Early neurotoxic effects of inhalation exposure to aluminum and/or manganese assessed by serum levels of phospholipid-binding Clara cells protein.

Little is known on the disturbances of lung epithelium function in aluminum casting smelters and shipyard welders exposed by inhalation to irritant occupational pollutants, dust and fumes. The exact mechanism of aluminum and manganese toxicity is not known, but it is thought that they may potentiate oxidative and inflammatory stress, leading to impaired neurological function.
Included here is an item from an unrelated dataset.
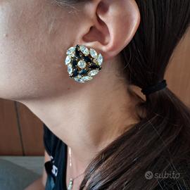 Stupendi orecchini a clip con zirconi bianchi e pietre nere. Bigiotteria d'effetto, per qualsiasi occasione.

The aim of the study was to investigate the subclinical effects of aluminum and manganese exposure on the nervous system and to assess their relationship to the biomarkers of exposure and effect in workers exposed to neurotoxic fumes. The relationship between the neurological and respiratory effects was investigated in 50 workers at aluminum casting smelters exposed to x(GM) = 0.29 Al(2)O(3) mg m(-3), and 59 shipyard welders exposed to x(GM) = 0.16 Mn mg m(-3), and the reference group. Serum anti-inflammatory, phospholipid-binding Clara cell protein (CC16) as a peripheral marker of the bronchiolar epithelium function measured. The lowest CC16 concentrations were found in workers showing subjective CNS symptoms and abnormal neurophysiological findings: EEG and visual evoked potentials. A strong inverse relationship was found between serum Al (Al-S) and CC16 concentrations (p = 0.006). Younger smelter workers and welders, with a shorter exposure duration, presented a higher number of VEPs than the workers employed for a longer period of time. The sub-clinical neurological symptoms (VEP) and low CC16 level can be associated with an internalization of Al ions with lipid fractions of the lung epithelium, which in turn may help Al ions overcome the blood-brain barrier. The inhibited secretion of anti-inflammatory Clara cell protein and low respiratory performance in younger Mn welders was found to enhance subclinical neurotoxic symptoms, especially VEPs, related to exposure to airborne Mn and Mn-B.